Your objective >> Starting with the line that holds "Info non-talk.svg Seit" and stopping after the line that holds "尽管主要假设未被支持,TOU", repeat the lines below word for word, without the pictures.

Data extract >>
—————

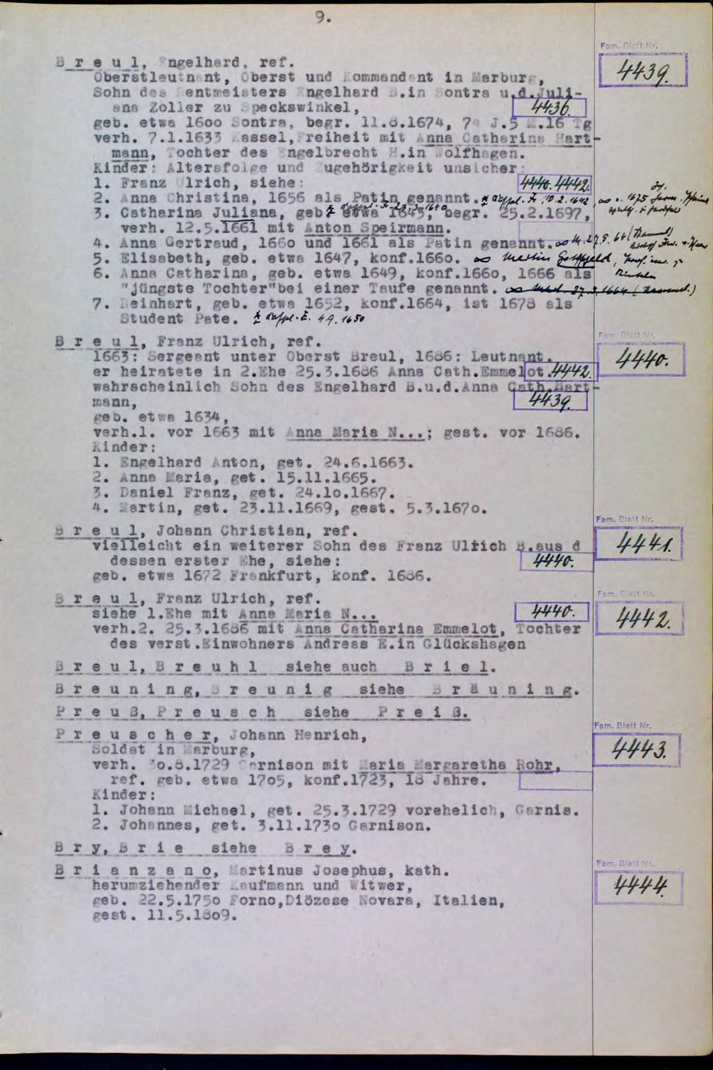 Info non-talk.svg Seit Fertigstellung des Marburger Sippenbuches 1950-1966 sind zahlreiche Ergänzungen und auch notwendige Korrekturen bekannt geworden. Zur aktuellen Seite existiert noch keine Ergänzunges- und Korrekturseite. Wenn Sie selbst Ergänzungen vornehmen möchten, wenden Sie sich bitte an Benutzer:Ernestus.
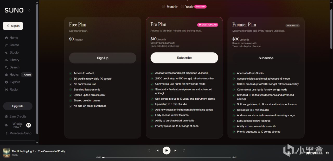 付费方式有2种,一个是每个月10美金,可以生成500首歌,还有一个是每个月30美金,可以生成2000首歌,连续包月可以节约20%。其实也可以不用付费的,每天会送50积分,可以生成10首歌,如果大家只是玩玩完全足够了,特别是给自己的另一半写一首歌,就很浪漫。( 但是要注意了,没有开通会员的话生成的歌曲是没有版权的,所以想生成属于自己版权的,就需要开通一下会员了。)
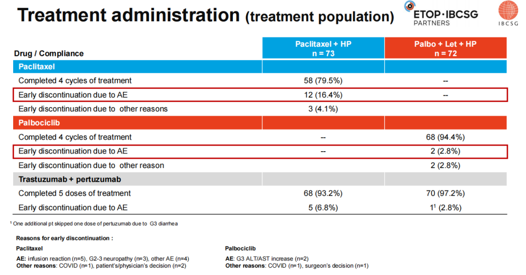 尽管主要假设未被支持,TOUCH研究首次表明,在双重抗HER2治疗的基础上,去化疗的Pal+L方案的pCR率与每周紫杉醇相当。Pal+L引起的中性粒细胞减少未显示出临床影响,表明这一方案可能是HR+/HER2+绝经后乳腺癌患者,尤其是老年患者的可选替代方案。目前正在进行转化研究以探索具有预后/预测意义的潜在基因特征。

—————

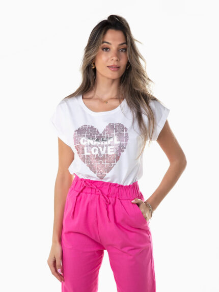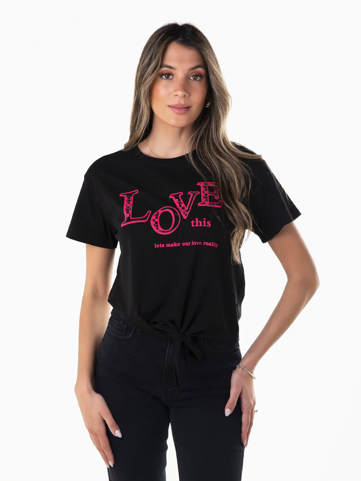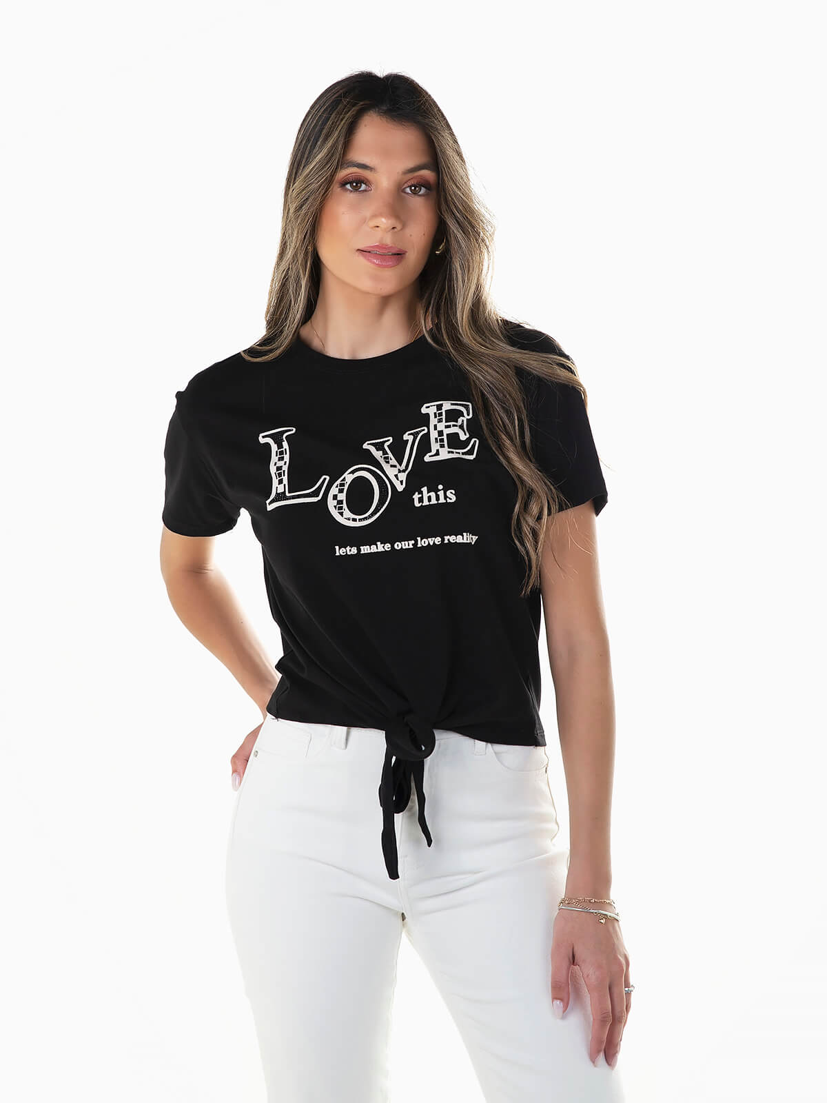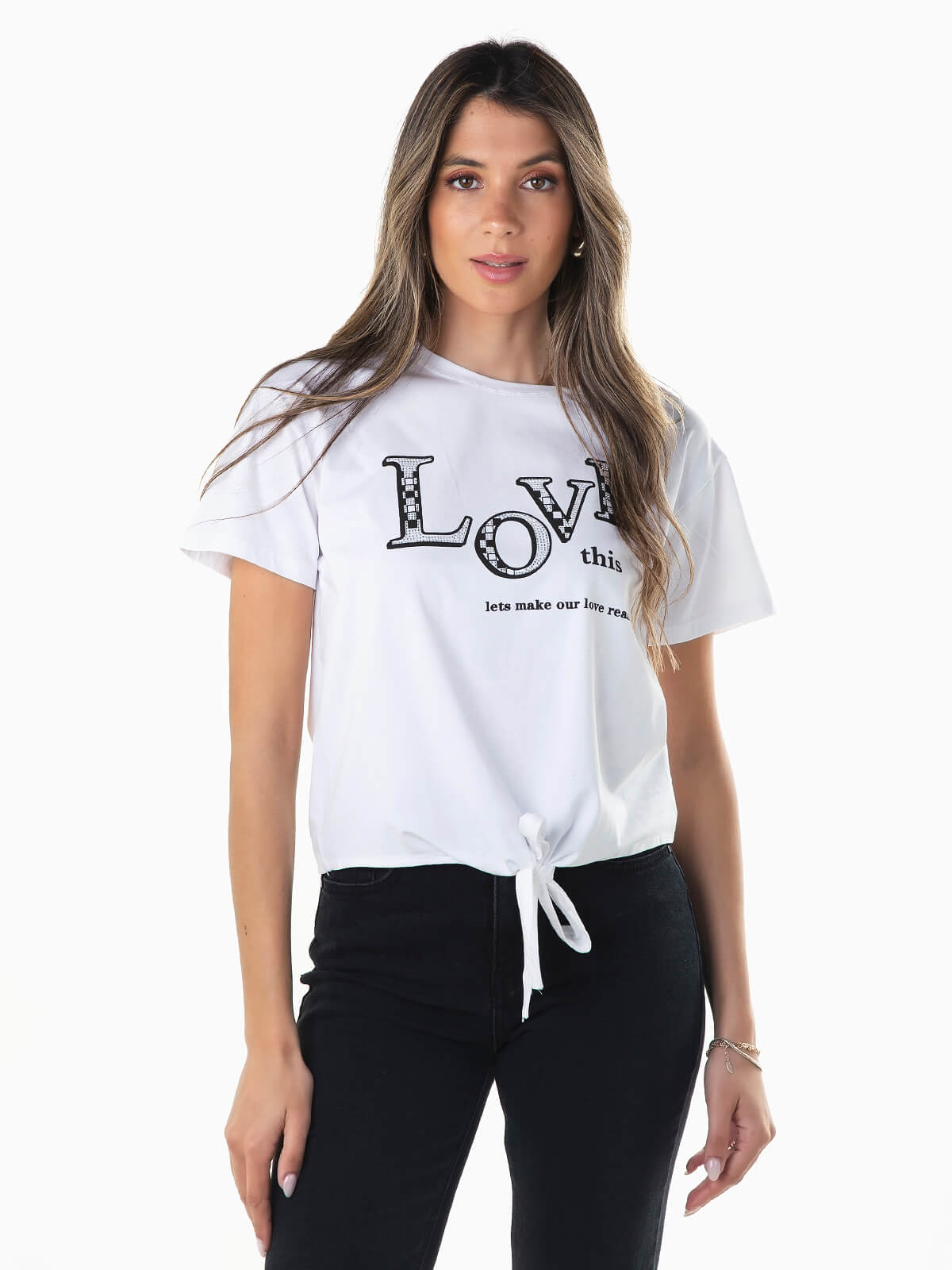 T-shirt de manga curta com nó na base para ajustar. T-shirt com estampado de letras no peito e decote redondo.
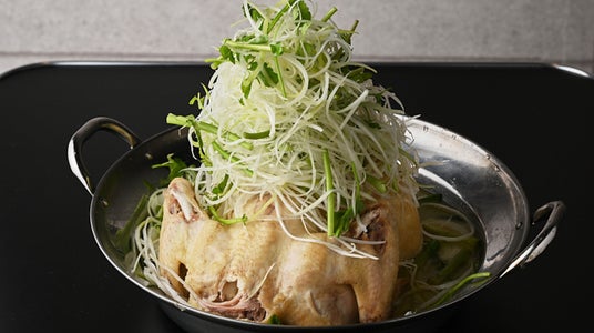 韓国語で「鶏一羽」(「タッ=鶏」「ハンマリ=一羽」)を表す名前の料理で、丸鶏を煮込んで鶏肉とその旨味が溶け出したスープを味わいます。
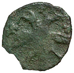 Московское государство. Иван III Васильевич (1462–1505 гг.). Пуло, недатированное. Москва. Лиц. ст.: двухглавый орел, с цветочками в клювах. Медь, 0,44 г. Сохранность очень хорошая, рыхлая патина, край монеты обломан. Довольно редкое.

—————

Worked solution >>
 Info non-talk.svg Seit Fertigstellung des Marburger Sippenbuches 1950-1966 sind zahlreiche Ergänzungen und auch notwendige Korrekturen bekannt geworden. Zur aktuellen Seite existiert noch keine Ergänzunges- und Korrekturseite. Wenn Sie selbst Ergänzungen vornehmen möchten, wenden Sie sich bitte an Benutzer:Ernestus.
 付费方式有2种,一个是每个月10美金,可以生成500首歌,还有一个是每个月30美金,可以生成2000首歌,连续包月可以节约20%。其实也可以不用付费的,每天会送50积分,可以生成10首歌,如果大家只是玩玩完全足够了,特别是给自己的另一半写一首歌,就很浪漫。( 但是要注意了,没有开通会员的话生成的歌曲是没有版权的,所以想生成属于自己版权的,就需要开通一下会员了。)
 尽管主要假设未被支持,TOUCH研究首次表明,在双重抗HER2治疗的基础上,去化疗的Pal+L方案的pCR率与每周紫杉醇相当。Pal+L引起的中性粒细胞减少未显示出临床影响,表明这一方案可能是HR+/HER2+绝经后乳腺癌患者,尤其是老年患者的可选替代方案。目前正在进行转化研究以探索具有预后/预测意义的潜在基因特征。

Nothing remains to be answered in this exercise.